Armande snorted. “You know he can’t. Just as I bake, you play music, and Cris gardens, Deborl must interfere in others’ business. It’s the only thing he’s got going for him.”
With my face pressed into Sam’s coat, I managed a smile.
Sam tightened his hold on me. “Someone told Lidea that Ana was missing. She’s been calling every hour, worried Ana had been kidnapped, and they might come after Anid next. She refuses to leave her house, and she had Stef set up all manner of monitoring systems i
n the baby’s room. Not that it matters, because Lidea sleeps next to his crib to guard him.”

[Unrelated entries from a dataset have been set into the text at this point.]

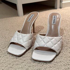 A short stiletto heel transformed what would be a basic slide into the effortlessly edgy SIGNIFY sandal! The heeled mule features a squared toe and padded upper following this seasons trends.
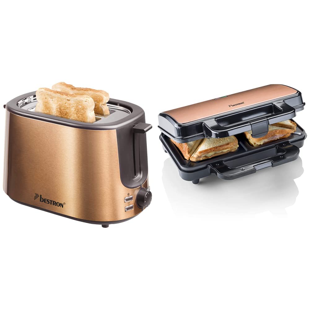 Bestron tosteris ar 2 grauzdēšanas kamerām, 1.000 W, nerūsējošais tērauds ar vara izskatu un ASM90XLCO XL sviestmaizes cepeškrāsni, ar nelipīgu pārklājumu, paredzēts 2 sviestmaizēm, 900 vati, melns/vara, metāls.
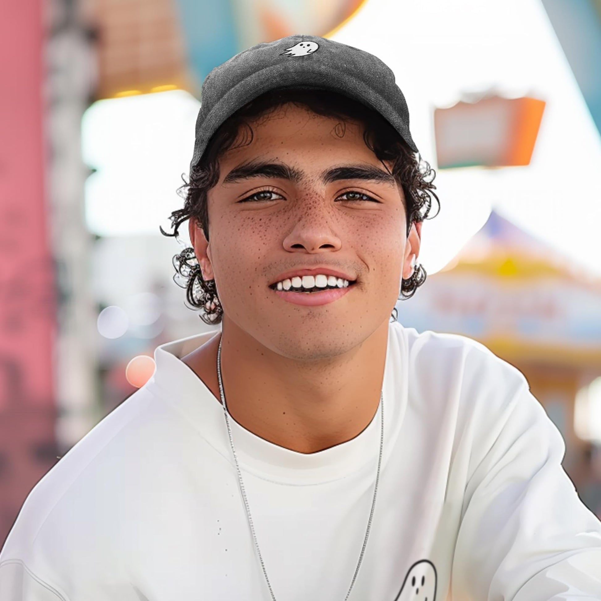 • CUSTOM DESIGNED HAT - Cute Ghost Embroidered on front panel using Premium Stitched Threading

Guilt burrowed in my stomach. A week. It hadn’t felt like a week. My rose…
I drifted in and out, and it seemed like forever before they carried me up the front steps and through the parlor.
A cup was pressed against my mouth, and water trickled in. I swallowed hesitantly at first, but as my throat grew used to the motion, I gulped the water down until my stomach hurt.
Bundled in blankets on the sofa, surely I was safe.
Sam showed the other two to the door, thanking them. It might have been my state or blurry vision, but while Sam seemed easy with Armande, his posture changed when he faced Cris. Slumped shoulders, weight shifted toward the other boy. Cris stood like his mirror.
“You didn’t have to do so much,” Sam said. “But I’m grateful. Thank you.”
“She seems nice.” Cris hesitated. “Well, a bit testy, but I suspect she’s nice underneath all those thorns.”
“When we first met, she had scars all over her hands. It took me a while to figure out how she’d gotten them.” Sam hooked his thumbs in his pockets. “Or why they looked familiar.”
Cris held up his hands; I couldn’t see clearly from my place on the sofa, or with the current foggy state of my vision, but I imagined they were both looking at the scars he wore, too. You’d think someone who had been tending roses for hundreds of years might figure out about gloves.
“I saw the roses at the cottage.” Cris lowered his hands. “She did a good job with them. Maybe I’ll bring a few more by to cheer her up.”
“She’d like that.” They spoke a moment more, offers of further assistance, and Cris turned to leave. “Hey.” Sam shifted his weight and his tone lightened. “I always thought your roses were blue.”
Cool fingers touched my cheek. “Ana?”
“Mmm?” I tilted my head toward the window, where light could burn beyond my eyelids; I didn’t want to wake up in the dark.